Teams today span countries, time zones, and cultures, which means people often have different expectations about how trust is built, communicated, and acted upon.
When these expectations are misaligned, teams end up paying what Stephen M. R. Covey calls a trust tax. It appears as repeated emails, multiple follow-ups, and missed deadlines even when meetings end with apparent agreement. Small misunderstandings accumulate, slowing decisions, creating friction, and draining energy. Understanding how trust functions across cultures and implementing strategies to align expectations helps teams reduce these hidden costs and work better together.
The following playbook provides key ways to identify the trust tax, address its sources, and implement practical strategies to build stronger, more reliable cross-cultural teams.
In cross-cultural teams, trust is what keeps work moving smoothly. However, when team members have different expectations about communication, accountability, or reliability, small misunderstandings add up. The extra effort and friction this creates is the trust tax.
The trust tax shows up in everyday team interactions: repeated emails, multiple follow-ups, missed deadlines, last-minute clarifications, and unspoken frustration. These patterns slow decision-making, stretch projects, and drain energy from the team.
Recognizing these patterns is the first step toward reducing friction. Addressing the trust tax means aligning expectations, clarifying responsibilities, and establishing predictable ways of working so your team can collaborate efficiently and confidently.
Building trust in cross-cultural teams requires intention. The following plays help managers reduce friction, clarify expectations, and enable effective collaboration among team members.
People from different cultures have different understandings of urgency and completion. In low-context cultures like the U.S. or Germany, “ASAP” typically means immediately. In high-context cultures such as Japan or Brazil, it may be a little more flexible and mean after current priorities are finished or once the right internal approvals are secured. These differences can cause misunderstandings.
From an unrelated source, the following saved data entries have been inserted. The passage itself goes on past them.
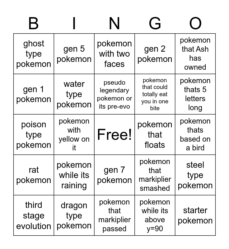 This bingo card has a free space and 29 words: third stage evolution, pokemon with one eye, pokemon with yellow on it, pokemon with no arms, ghost type pokemon, pokemon with two faces, water type pokemon, pokemon while its raining, pokemon that floats, dragon type pokemon, pokemon thats based on a bird, starter pokemon, pokemon that markiplier passed, pokemon while its above y=90, pokemon thats 5 letters long, pokemon with purple on it, gen 7 pokemon, rat pokemon, pokemon that Ash has owned, poison type pokemon, pokemon that markiplier smashed, baby pokemon, pokemon that could totally eat you in one bite, gen 1 pokemon, gen 2 pokemon, gen 5 pokemon, steel type pokemon, pseudo legendary pokemon or its pre-evo and pokemon who's name starts with the same letter as your name.
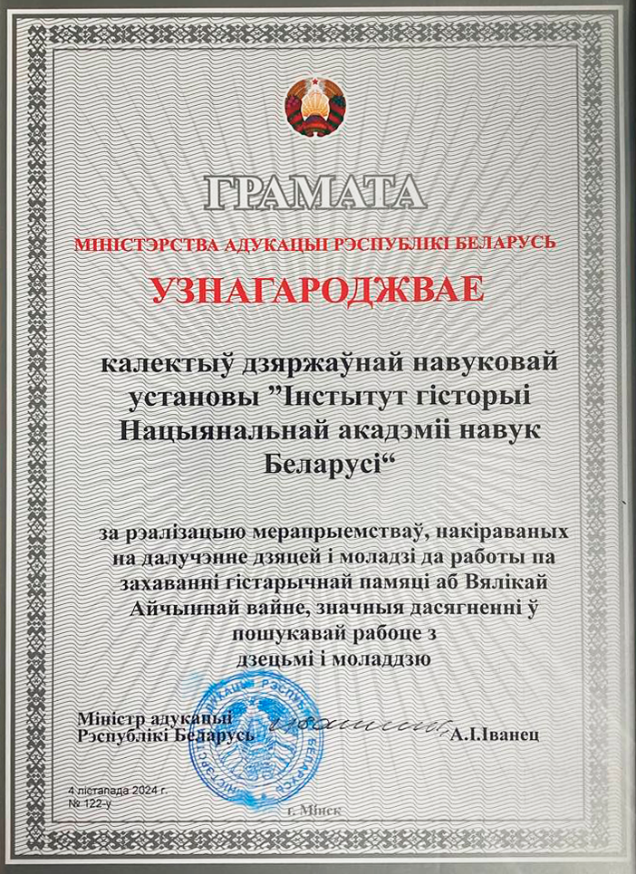 Грамата Міністэрства адукацыі Рэспублікі Беларусь
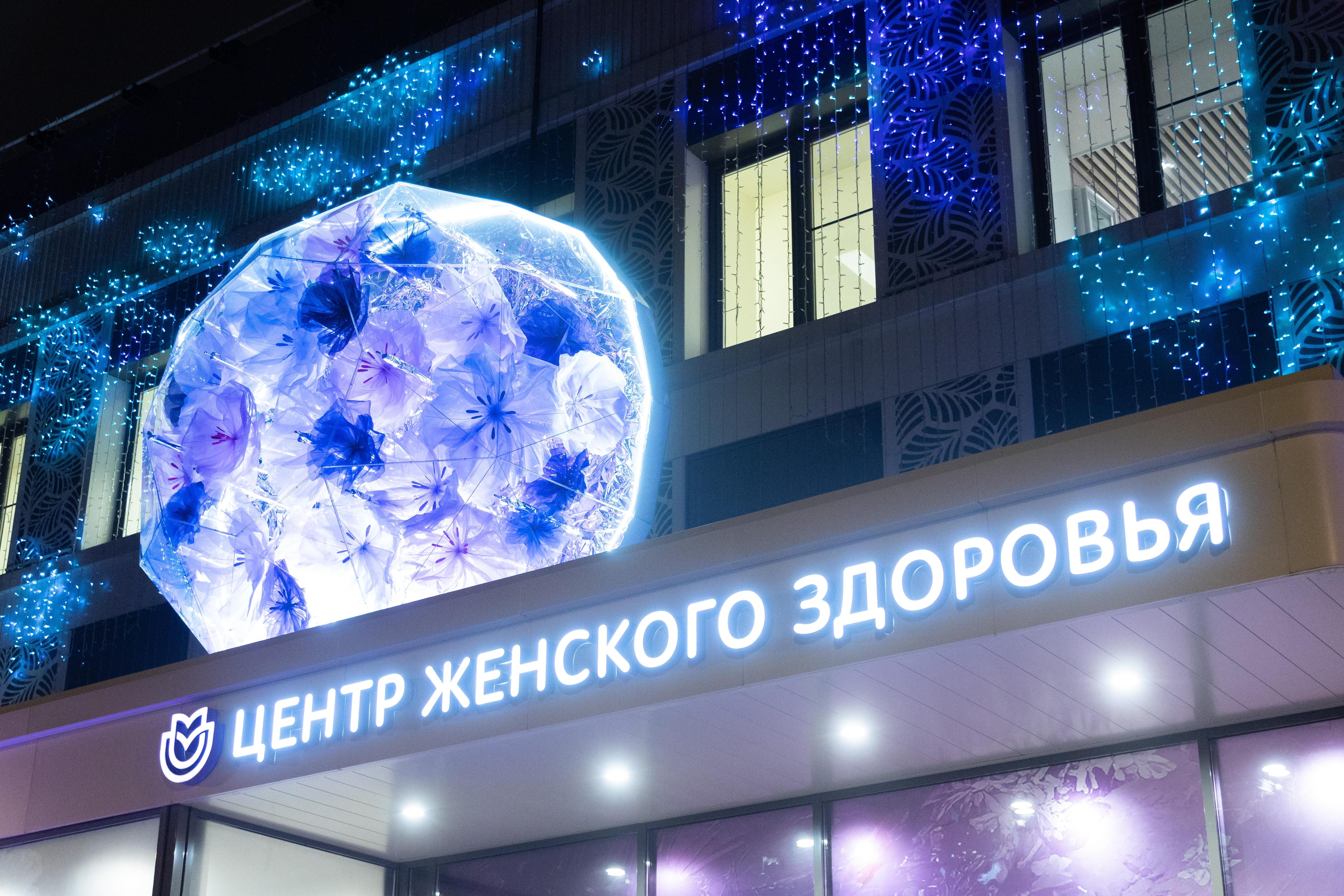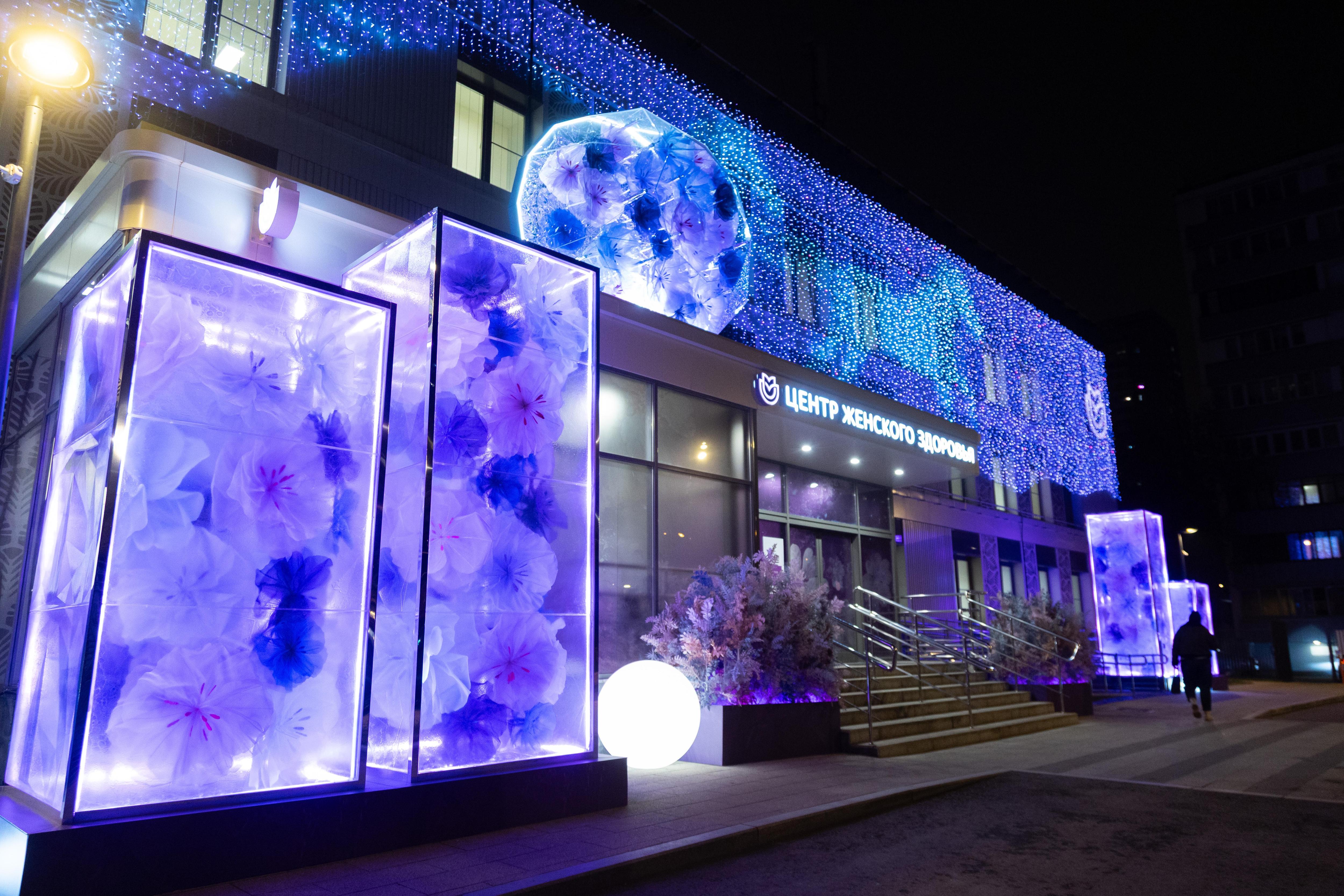 Центры женского здоровья также нарядили к празднику. Фасады украсили гирляндами с тематической анимацией, перед зданиями поставили большие ледяные скульптуры с подсвеченными замерзшими цветами внутри, а над входом разместили крупную сферу, похожую на бриллиант.
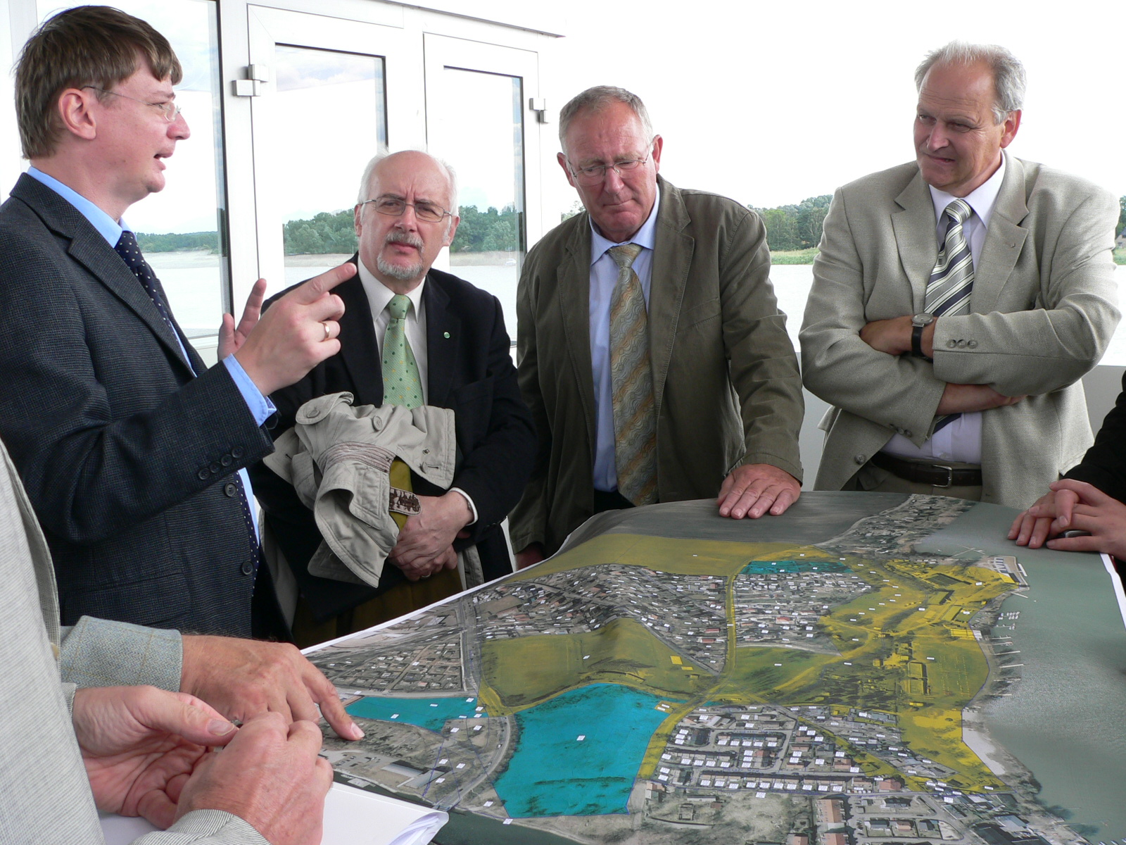 Zum Auftakt ihrer Informationsreise durch die Havelregion, die sich um die Ausrichtung der Bundesgartenschau 2015 beworben hat, besuchte eine 5-köpfige Expertendelegation der Deutschen Bundesgartenschau-Gesellschaft mbH (DBG) am Mittwoch, 25.07.2007, die Stadt Brandenburg an der Havel. Gemeinsam mit Prof. Dr. Klaus Neumann, der im Auftrag des Bewerberteams die umfangreiche Machbarkeitsstudie und die Bewerbungsunterlagen erarbeitet hat, stellte Baubeigeordneter Michael Brandt den Gästen aus Bonn das Konzept und die geplanten Veranstaltungsorte in der Havelstadt vor.
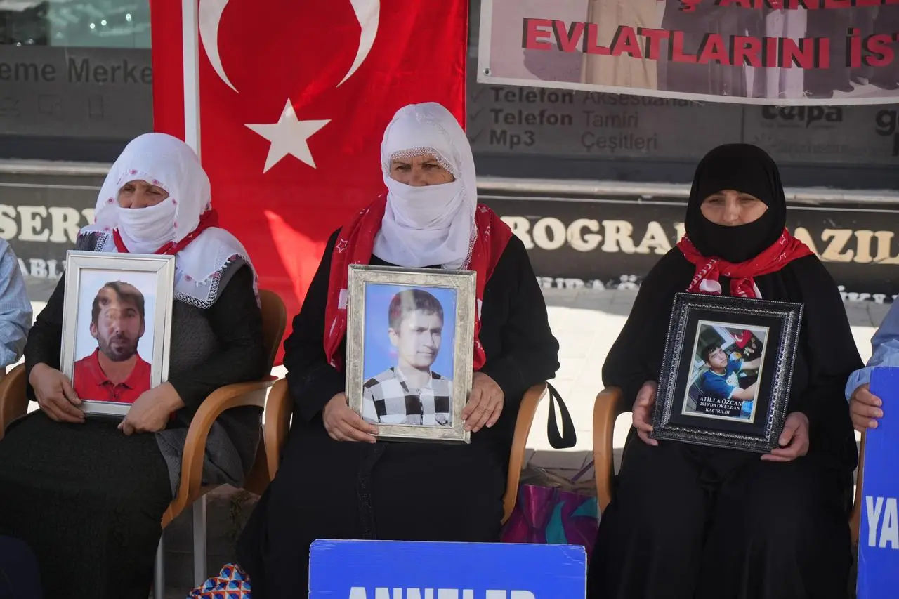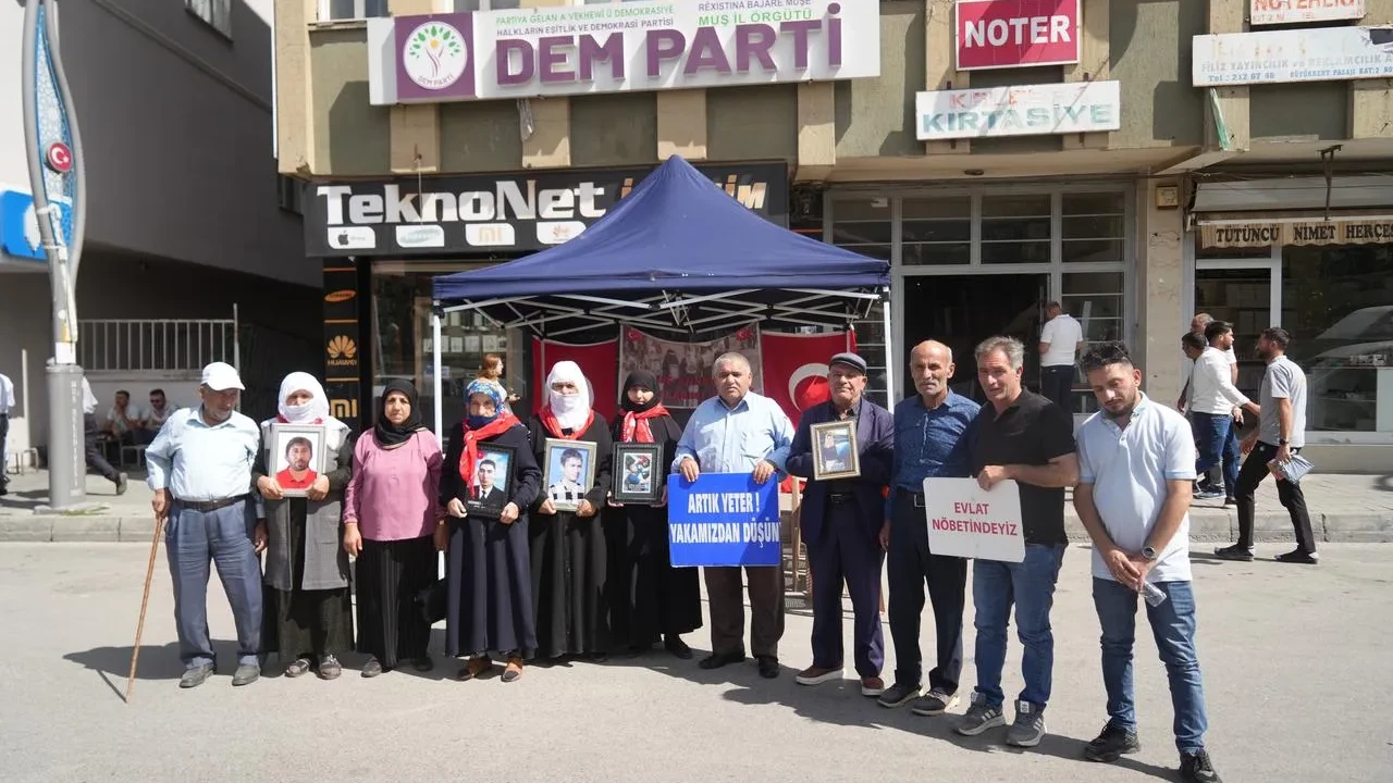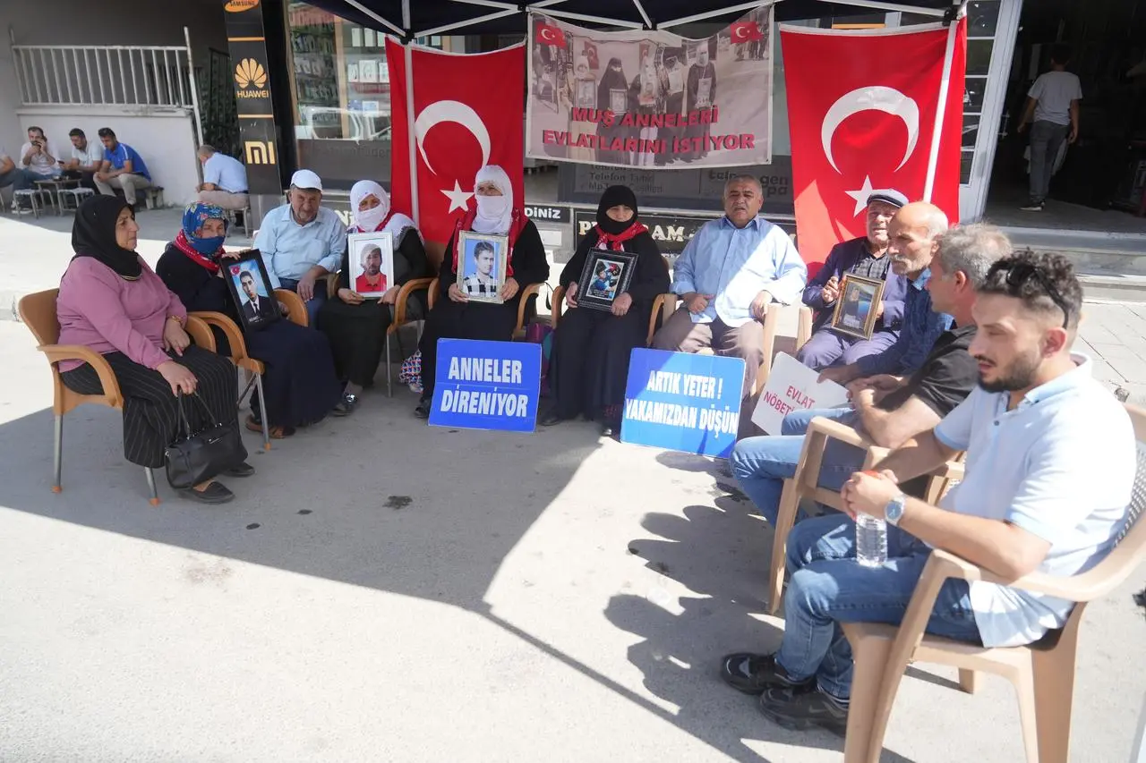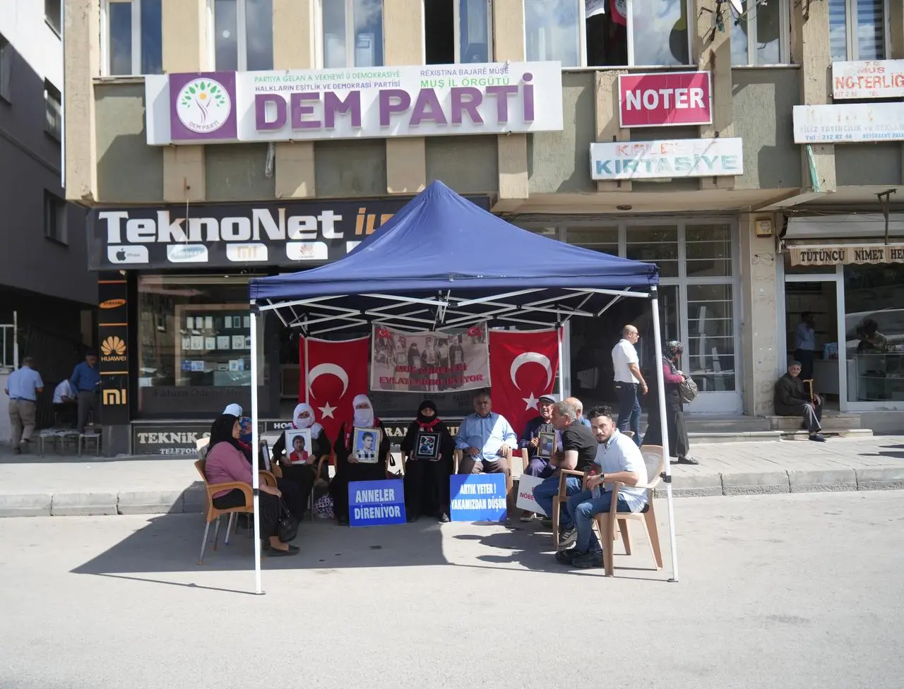 Muş'ta PKK tarafından kaçırılan çocuklarını bekleyen aileler, DEM Parti önünde eylemlerini sürdürüyor.

The Manager’s Play: Standardize deliverables with three clear details:
Consider adding a brief note on expected format or level of detail, since some cultures emphasize thoroughness over speed, and others the opposite. Avoid vague statements like “Make sure this is done,” or “ASAP,” as more explicit deadlines and agreements reduce confusion and prevent repeated follow-ups.
Silence in meetings is often a signal. However, what exactly it signals varies, which can make interpreting silence correctly difficult. Cultural norms around hierarchy, authority, and communication shape how people engage in meetings. Team members from hierarchical cultures tend to defer to authority, remaining quiet in meetings even if they have valuable input. Conversely, people from egalitarian cultures, such as Australia or the Netherlands, tend to feel comfortable speaking freely in front of others, no matter their position in the organization.
The Manager’s Play: To account for all cultural styles, provide clear meeting agendas and background information in advance, and provide alternate communication channels (like via email or in one-on-one conversations) for those who are less comfortable speaking up in the moment.
Additionally, establishing a psychologically safe team environment will encourage active participation in meetings and generate more innovative solutions. Keep in mind that cultural background also influences how people feel psychologically safe, so it’s best to lead with cultural agility as you implement practices to encourage engagement.
Admitting mistakes carries different risks across cultures. In cultures with a strong focus on saving face and maintaining social harmony, such as China, Korea, or many Middle Eastern countries, acknowledging failure publicly can be uncomfortable and avoided. In more individualistic cultures like the U.S. or Canada, taking risks and making quick decisions are important values, so mistakes are more accepted and are often framed as learning opportunities.
The Manager’s Play: Focus feedback discussions on the process rather than the individual. Frame points around what went wrong and what can be improved, rather than who failed. Model transparency by sharing your own lessons learned first, and exercise cultural agility to adjust your approach with different team members.
For example, a manager might say: “The reporting process didn’t catch all errors this time. Next week, we will adjust the workflow to prevent this.” This keeps the discussion focused on improvement and avoids putting team members on the spot.
Framing mistakes as process issues rather than personal failures encourages team members to provide honest updates, keep projects on track, and address problems efficiently without creating friction.
Effective leadership of cross-cultural teams depends on cultural agility. Understanding differences in team members’ work styles can help managers adjust their approach when necessary and reduce friction before it affects outcomes.
The GlobeSmart® Profile provides a visual of individual work styles and provides expert insight into how these preferences shape collaboration with others. It highlights where differences might lead to misunderstandings and helps establish shared norms that build trust and support smoother collaboration across locations and backgrounds. Plus, with the new Team DynamicsSM experience, teams can see how their work styles intersect and explore personalized strategies to improve collaboration.
With cultural agility as a foundation, teams can move from reacting to challenges to proactively creating an environment where diverse perspectives drive results.